[[ DATA SUPPLIED, beginning ]]

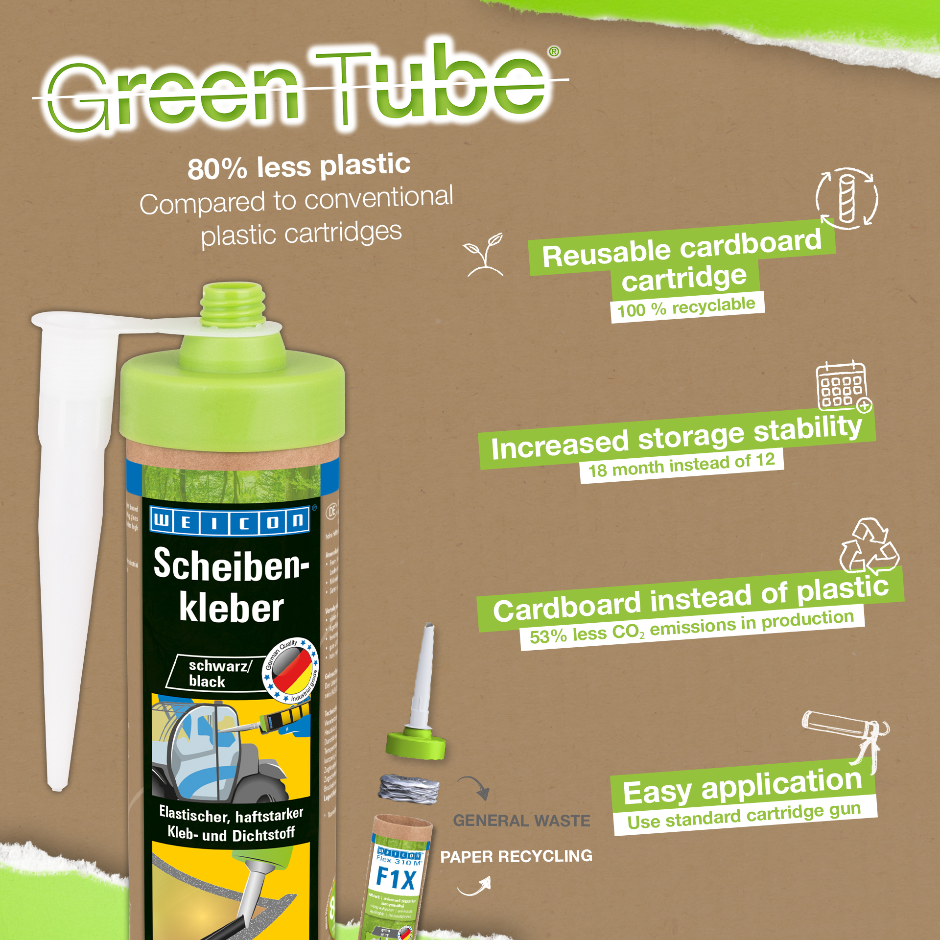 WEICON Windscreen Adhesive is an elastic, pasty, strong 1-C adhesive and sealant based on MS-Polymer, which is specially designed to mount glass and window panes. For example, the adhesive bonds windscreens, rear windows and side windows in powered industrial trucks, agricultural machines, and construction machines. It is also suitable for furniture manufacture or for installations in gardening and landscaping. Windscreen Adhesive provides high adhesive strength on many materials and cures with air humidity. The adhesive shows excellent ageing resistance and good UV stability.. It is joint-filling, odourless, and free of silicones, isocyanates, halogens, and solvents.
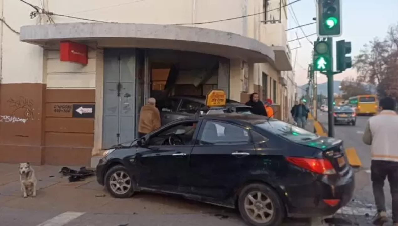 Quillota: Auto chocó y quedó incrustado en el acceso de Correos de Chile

[[ DATA SUPPLIED, end ]]
[[ DATA SUPPLIED, beginning ]]

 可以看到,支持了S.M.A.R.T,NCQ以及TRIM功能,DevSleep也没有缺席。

[[ DATA SUPPLIED, end ]]

== WHAT TO PRODUCE ==
After locating the line containing "WEICON Windscreen Adhesive" in the entries above, return it and every line after it exactly, ending at the line containing "Quillota: Auto chocó", without pictures.

== RESPONSE AREA ==
 WEICON Windscreen Adhesive is an elastic, pasty, strong 1-C adhesive and sealant based on MS-Polymer, which is specially designed to mount glass and window panes. For example, the adhesive bonds windscreens, rear windows and side windows in powered industrial trucks, agricultural machines, and construction machines. It is also suitable for furniture manufacture or for installations in gardening and landscaping. Windscreen Adhesive provides high adhesive strength on many materials and cures with air humidity. The adhesive shows excellent ageing resistance and good UV stability.. It is joint-filling, odourless, and free of silicones, isocyanates, halogens, and solvents.
 Quillota: Auto chocó y quedó incrustado en el acceso de Correos de Chile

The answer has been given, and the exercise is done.